Environmental News from South America:
- On June 22, a group of nearly 200 Indigenous Pataxó people occupied a eucalyptus plantation inside their demarcated territory in Brazil’s Bahia state, setting fire to the trees.
- In a video manifesto released on June 26, Pataxó leaders drew attention to the wide range of impacts that this and other plantations have had on their lands and health, from pesticide use to water pollution.
- The occupation comes amid growing resistance to the expansion of eucalyptus in Bahia, and rising frustration among Indigenous peoples over the slow process of gaining full legal rights to their land.
- The Pataxó people have been waiting for seven years for the presidential decree that would fully demarcate their territory; President Jair Bolsonaro has vowed not to demarcate any Indigenous territories, and has so far kept that promise.
Frustrated with watching agribusiness and eucalyptus plantations destroy their territory, members of several Indigenous Pataxó communities in the Brazilian state of Bahia took over a plantation, set fire to it, and demanded that the multinational companies leave their land for good, in an attempt to halt outside pressure over their land.

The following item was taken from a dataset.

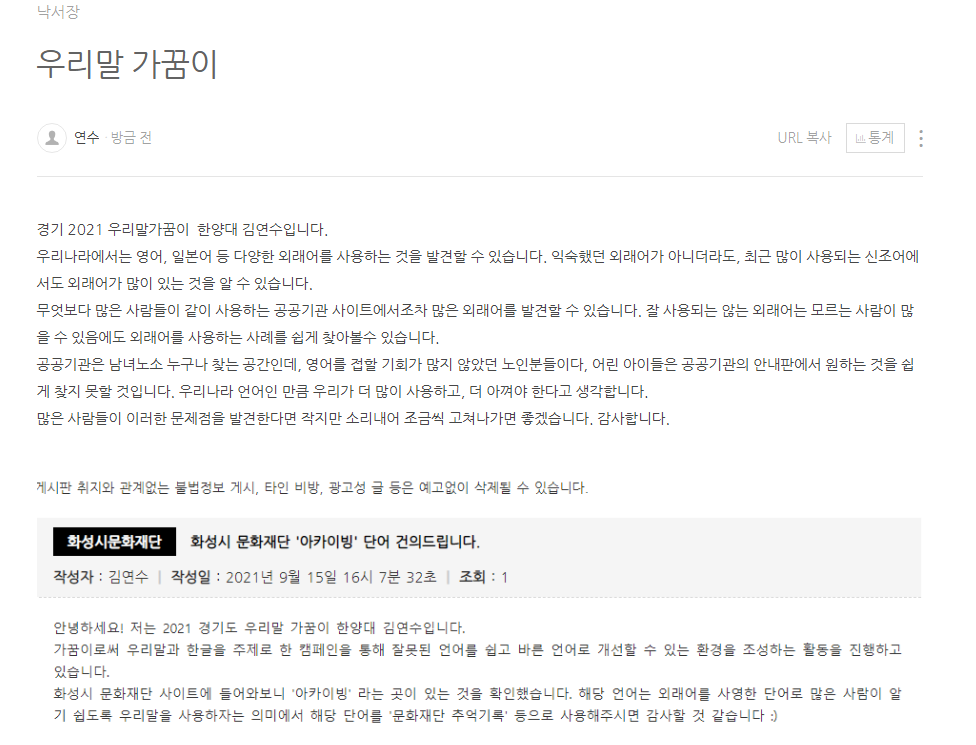 개인 네이버 블로그 게시글 업로드 했습니다.

In a video manifesto released on June 26, a Pataxó leader stands flanked by two other men in front of a mass of burning eucalyptus trees. “We are expelling the multinationals, the millionaires and billionaires from here,” he says to the camera. “There won’t be a single eucalyptus tree left on our sacred land, because that’s bad. We want our water, quality land, and our biome recovered. We do not accept this shameful destruction.”